These days,
everyone is a friend. Meet a random stranger in an office meeting, and
suddenly, they’ll be sending you a friend request on Facebook. Snap a picture
of your lunchtime char kway teow and
suddenly even your cleaning lady is hearting you on Instagram. Everyone wants
to be your friend and before you know it, you find yourself endlessly checking
your profile to see how many people are following you on Twitter.
But here’s the thing. The reality is, you really
only have a handful of friends. If you’re lucky, you’ll use up all five fingers
on your right hand counting them. Don’t believe me? Then, get sick.
It’s only when you’re sick that you really get a
full measure of who your real friends are. And, by the way, friends are not the
ones who say: “Take care, babe!” on your Facebook page and then go back to
posting selfies of themselves on a beach or at a bar.
No, sirree. Those aren’t friends.
Friends are the ones who call to see how you are
and if there’s anything they can do for you. Friends are the ones who
immediately show up at your doorstep with fresh, home-made chicken noodle soup
and a stack of gossip magazines to keep you company as you lie in bed moaning
pathetically to yourself.
“Wah liau,
is that Saffy?” Sharyn asked the other day when she showed up in the little
flat I share with Saffy and Amanda. Behind her was Siti, Sharyn’s very harassed
Indonesian maid, burdened with several tiffin carriers and a pink plastic bag
of magazines.
From the direction of Saffy’s bedroom came piteous
moans, interrupted occasionally by the sound of a phlegmy hacking cough.
“Yep, that’s her,” I said, and sneezed wetly into a
handful of soggy tissues.
Sharyn backed up a step. “Hah?! You o-so sick, ah?
Alamak, how like that?”
“Don’t get me started, Sharyn. We’ve been like this
for a week now. It’s just not going away! Amanda gave it to us and she’s been coughing for two weeks!”
“Aiyoh, you don’t give to me, ok? I cannot afford
to get sick. My eldest boy just recover from the flu and now my useless husband
fall sick. Ay, Siti, why you just stand there? Quickly, take everything into
the kitchen, lah! Aiyoh, everything must tell you what to do, ah?”
“Yes, mum,” Siti replied meekly as she drifted off
into the kitchen, leaving Sharyn with a frown as she tried to work out which
part of her scolding Siti was saying “Yes, mum” to.
Just then, Saffy’s voice came floating out. “Shazz,
is that you?”
“Yah, it’s me!” Sharyn called out cheerfully.
“Wait, ah!”
She rummaged inside her handbag and whipped out a
face-mask and goggles which she proceeded to put on.
“Uhm, why the goggles, Sharyn?” I asked finally.
“All the virus in the water droplets in the air,
mah!” came the muffled reply. “Get into the eyes, also sick, what!”
“Oh,” I said weakly.
“Siti, hurry up with the soup!” Sharyn barked as
she marched into Saffy’s room, fully armed against any possible contagion. You
almost got the sense if she’d remembered to pack a rain-coat, she’d have worn
it too.
Later that night, Saffy, Amanda and I were at the
dining table sipping the last of Sharyn’s outrageously good chicken noodle soup
when the doorbell rang.
“It’s only me!” Barney Chen growled from the other
side of the door. “Don’t open the door! I’m not coming in as I’ve got a hot
date tomorrow night and I cannot
afford to be sick! I got my mother to make you guys some fish congee. It’s
still warmso you can eat it now if you want to!”

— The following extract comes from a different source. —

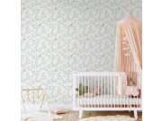 Hladká bílá vliesové tapety na zeď, květinové vzor v odstínech zelené a růžové.

“God,” Amanda coughed. “It’s so unfair he doesn’t
fancy me! Not a single one of my boyfriends has called to see how I am, let
alone brought me fish congee!”
Saffy poked her head out the front door to retrieve
Barney’s containers. “And he’s also brought the latest issue of Vogue! The
American edition!”
Amanda clapped her hands. “Oooh, the one with Kim
Kardashian and Kanye West?”
“Seriously,” Saffy said. “Amanda’s right. Why can’t
we ever meet men like Barney Cheng? Besides the fact that we’re not men, I
mean?”
Amanda coughed wetly. “Excuse me, but you’ve got
Bradley!”
“Uh huh, and where is he now?”
“Uhm, on an overseas trip in America?”
Saffy sniffed. “Pitiful excuse! If he really loved
me, he’d have flown straight back to look after me!”
“You should put that up on Twitter,” Amanda advised
as she reached for the Vogue. “It’ll go viral!”